Ground-truthing a widespread hydrothermal system

The uppermost carbonates (earliest Danian in age) from the IODP–ICDP Exp. 364 core and the lowermost impact breccia from the UNAM-7 core are the only studied lithologies that display T(Δ₄₇) < 35.5°C (Fig. 2). This trend suggests that the other lithological units have experienced, recorded, and preserved elevated temperatures that are not primarily linked to precipitation in near-equilibrium with the SST conditions of the Late Cretaceous ocean (40). The pre-impact carbonates present in the drill cores have been dated from Cenomanian to Maastrichtian ages (∼100–66 Ma), based on the micropaleontology of carbonate clasts in the IODP–ICDP Exp. 364 suevites (46) and based on Sr isotope stratigraphy of Yax-1 limestones (35).
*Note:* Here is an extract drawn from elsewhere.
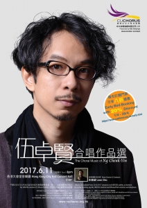 由中大合唱協會有限公司主辦的《伍卓賢合唱作品選》音樂會將於 2017 年 6 月 11 日(星期日)晚上八時舉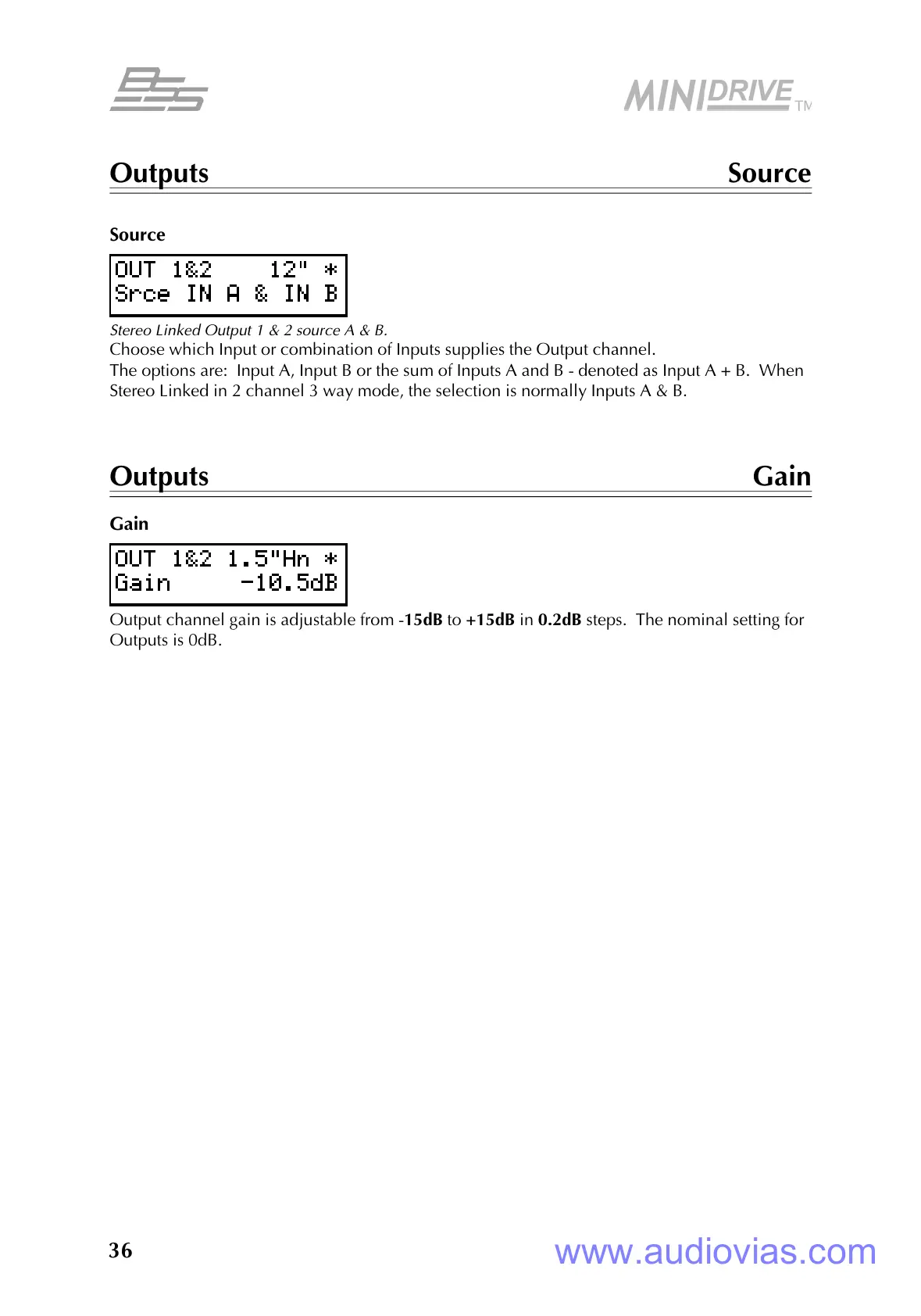 Output channel gain is adjustable from -15dB to +15dB in 0.2dB steps. The nominal setting for

A low-latitude compilation of Cretaceous SST data based on TEX₈₆ and planktonic foraminiferal δ¹⁸O constrains an SST evolution of ∼35°C around the Cenomanian–Turonian thermal maximum down to ∼25°C in the Late Maastrichtian (47). The Yax-1 limestone basement, dated to this period, displays T(Δ₄₇) values in the range of 41.5–62.6°C, significantly higher than the expected paleoclimatic range. This implies the occurrence of widespread post-depositional alteration, which can also be inferred from petrography as Yax-1 microfossils within biomicritic limestones are still recognizable, but poorly identifiable (35) (Fig. S6C).

Clumped-isotope compositions of especially fine-grained matrix limestones and dolostones are susceptible to recrystallization and thermal resetting by diagenesis linked to, for instance, shallow burial conditions (48). T(Δ₄₇) values of fine-grained carbonates from a deep drill core from the Bahamas showed that at 1.3 km depth a sudden increase by 10°C occurred without distinct changes in petrologic texture or conventional stable isotope values (48). Hence, T(Δ₄₇) values from shallowly buried carbonates suggest that fine-grained samples should be used with extreme caution in clumped-isotope studies seeking primary environmental temperatures. In the IODP–ICDP Exp. 364 drill core, the borehole-fluid temperature increases progressively downhole from ∼26 to 66.5°C at the base of the hole (1,334.69 mbsf). Within the studied interval (until 737.5 mbsf), the borehole temperatures reach 47.5°C (49). The majority of the T(Δ₄₇) values of the IODP–ICDP Exp. 364 suevite and impact melt rock intervals (Fig. 2A) are above this 47.5°C value, so the geothermal gradient alone cannot explain the variations seen in the clumped isotope data. In contrast to the Bahamas case study (48), we also observe a clear change in δ¹⁸O and δ¹³C values with depth vs. the non-altered values from the uppermost carbonates and lowermost UNAM-7 impact breccia. We suggest that a mixture of burial diagenesis with a hydrothermal overprint can explain the majority of the observed variations. In this case, graded suevite sample 54_1_64_66 (659.58 mbsf) can be used as an example as it yields a high T(Δ₄₇) value of 135.6 ± 20.9°C (1 SE). This sample is positioned close to a red-orange zone that has been interpreted by Kring et al. (28) as a hydrothermal channel (Fig. S2G). The carbonate matrix of this suevite was likely dissolved in the hydrothermal channel, before Na-dachiardite, analcime, clay, and sparry calcite partially filled the channel (28). The T(Δ₄₇) value of such a suevite bulk powder therefore reflects a partial temperature overprint by hydrothermal processes that can be heterogeneous throughout the drill core stratigraphy.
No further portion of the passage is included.